Expansion, contraction in Scarborough manufacturing
Two stories illustrate contrast in opportunity
BY MIKE ADLER, January 31, 2008 06:33 PM
It's been a year now since workers at Collins and Aikman Corp. were told the Milner Avenue plant where most of them worked for decades was shutting down.
Months after it did, the gates are still padlocked. Many people had worked there since the early 1980s, when the economy was firing on all cylinders and Scarborough was booming with manufacturing jobs.
Most were women, immigrants with not much education for whom English was a second or third language. Collins and Aikman gave them jobs that, by last year, were paying $20 or even $30 an hour.
Those kind of jobs, once common in Scarborough, made it possible to buy a house and raise a family here, said Greg Burton, president of Canadian Auto Workers Local 303. "Now that that manufacturing base is gone, their skills are not transferable."
Of the 384 Collins and Aikman workers, 138 found full-time work, a dozen each are part-time or self-employed and 23 are retired, just letting employment insurance run out.
Very few found work in manufacturing. Jobs open to them paid $8 to $10 an hour, with no benefits.
"They're finding it really difficult to pay mortgages. Families have been destroyed here," Burton said this week at the Shorting Road office of the local, a framed but decades-old photo of CAW National President Buzz Hargrove on the wall behind him.
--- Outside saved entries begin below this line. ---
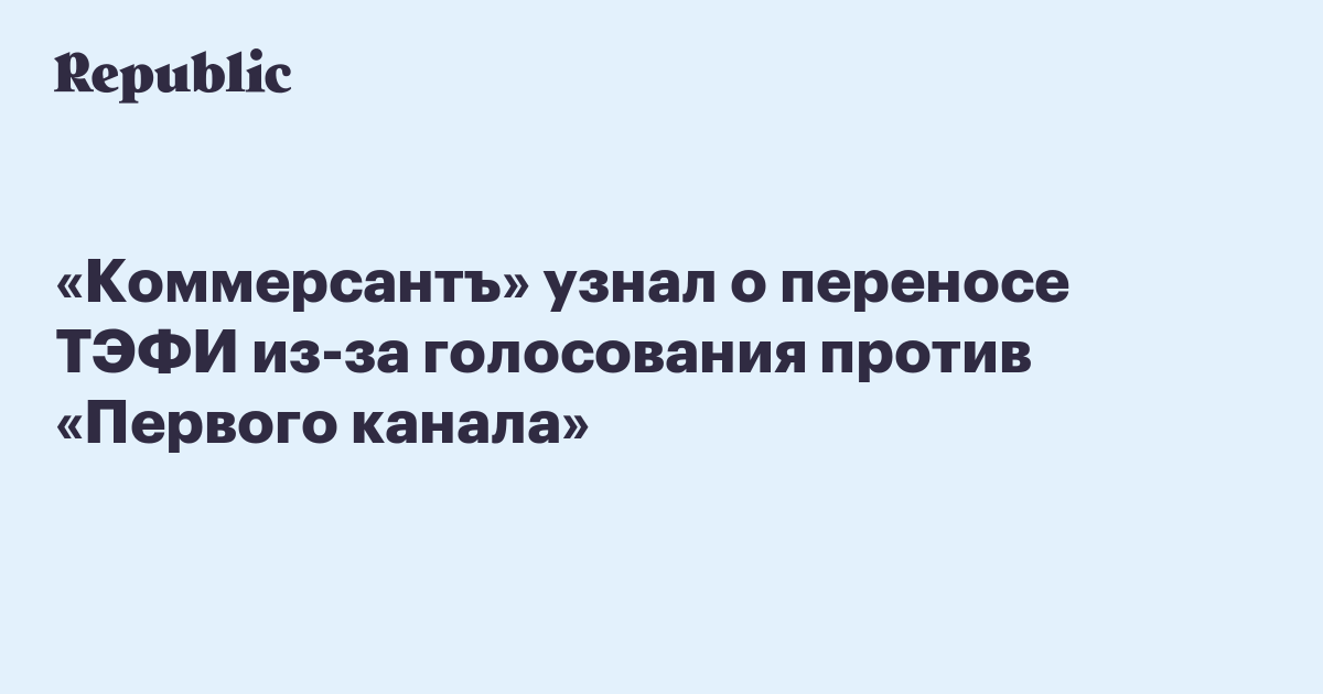 «Коммерсантъ» узнал о переносе ТЭФИ из-за голосования против «Первого канала»
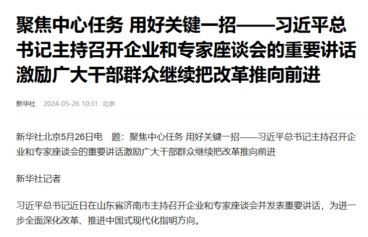 新華社北京5月26日電 題:聚焦中心任務 用好關鍵一招——習近平總書記主持召開企業和專家座談會的重要講話激勵廣大干部群眾繼續把改革推向前進
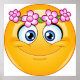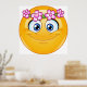 Ein gelbes Emotikon mit einem Blumenkranz um den Kopf. Dieses Design sieht wirklich effektiv aus auf diesem Poster
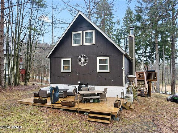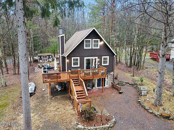 SELLER SAYS MAKE AN OFFER! Welcome to your dream chalet-style home, nestled in the vibrant community of The Hideout, where the tranquil Brooks Lake sets the stage for a serene living experience. This captivating home is a perfect fusion of rustic allure and modern conveniences, designed for those who seek a peaceful retreat without compromising on style and comfort. Upon entering, you'll be enchanted by the soaring vaulted ceilings, the inviting propane brick-face fireplace in the living room, and the charming pine tongue and groove ceilings that grace the kitchen and bedrooms. The abundant natural light enhances the home's welcoming atmosphere, making it a cozy haven for relaxation and leisure. The kitchen, complete with brand-new stainless-steel appliances, is ready for your culinary adventures. Both bathrooms have been elegantly updated and remodeled, offering a touch of luxury and sophistication to your daily routine. The loft area, spacious and versatile, is an ideal space for additional sleeping quarters, a home office, or a quiet reading nook, all while providing stunning views of the surrounding landscape. The home has been thoughtfully upgraded with a BRAND NEW ROOF in 2018, two new sliding glass doors, and brand new windows in the loft and main level, ensuring comfort and peace of mind. Outdoor living is a delight with a newly constructed back deck and a front deck that offers year-round lake views, perfect for hosting summer barbecues or simply enjoying the natural beauty of the Poconos. The property also boasts firepit areas in the front and back, offering cozy spots for evening gatherings and enjoying the lovely lake views. The fully finished walk-out lower level adds a generous amount of living space, perfect for a family room, game area, or additional guest accommodations. The home comes with most furniture included, with a few exceptions, allowing for a seamless transition into your new chalet.

The office is now a CAW Action Centre, "a place to cushion the blow" where laid-off Collins and Aikman employees can get counselling, brush up on interview and computer skills and get their education assessed.
Most want to go back to school but, at an age averaging 45, can't consider spending several years there just for a job, said Burton. "Some of these folks don't have a lot of time to play with."
Other plants have closed too, but not all recent news from Scarborough's industrial parks is bad.
Local company Samco Machinery Ltd. has landed a surprising contract: it will supply equipment to an Indian firm making the world's most inexpensive car, the Tata Nano.
The City of Toronto report last November made the case that Scarborough is attractive for industrial and commercial investment, saying staff want to promote "the Scarborough Advantage" to real estate brokers and developers. The city has adopted a long-term strategy for protecting its employment lands and developing a financial incentives package aimed at sparking "next generation" growth, such as so-called green industries.
This week, Ward 37 (Scarborough Centre) Councillor Michael Thompson, a member of the city's economic development committee, said the area's chances for economic revival "are extremely good."
It's true the industrial marketplace has dramatically changed and firms have left for places with lower labour costs but Scarborough offers diversity, the space to grow one's business and people who can do the work, he said.
But Scarborough has to work on overall improvements, promoting its attractive neighbourhoods and quality of life because industries look for such things.
"We have to convince manufacturers that there are reasons to stay here," said Thompson. "Taxes in itself isn't a deciding factor."
Samco Machinery has managed to expand by becoming more of a global company, in the last decade more than doubling the size of its Nantucket Boulevard plant and its workforce to 125 employees, said Bob Repovs, its president.
It's easy to outsource the making of repetitive parts, but not so easy to find good solutions to problems, he said, adding Tata turned to Samco for roll-forming equipment and technology because no companies in India "can do what we're doing for Tata.
"We have to innovate, innovate, innovate. That is the key. And then sell those solutions to these companies," said Repovs, who noted Samco is short of fitters, welders and machinists and said schools should work harder to encourage entry to the skilled trades.
"There's always a need for them."
Repovs said governments could also be more accommodating for industry. Seeking to expand, Samco took a year to get a building permit, he said.
Burton, however, argued Canada's governments are failing to recognize a crisis in manufacturing and need to do a lot more to keep local jobs from migrating to China, India and elsewhere.
The union negotiated a closure agreement at Collins and Aikman Corp. whose employees made cup holders, air vents and other moulded plastic parts for cars. In March, Burton recalled, the company showed it intended to go back on its word. The union occupied the plant, which was still making products for the Big Three automakers. As a result, Burton said, Chrysler, Ford and General Motors paid the workers' $5.1 million severance.
The manufacturing crisis affects immigrants and workers of colour; all these communities need to speak with one voice, letting people know the loss of quality jobs affects everybody, he said.
If things don't change, Burton added, "eventually, Canada will become a service country where we're selling doughnuts and coffee to people. You cannot build a country on the basis of that."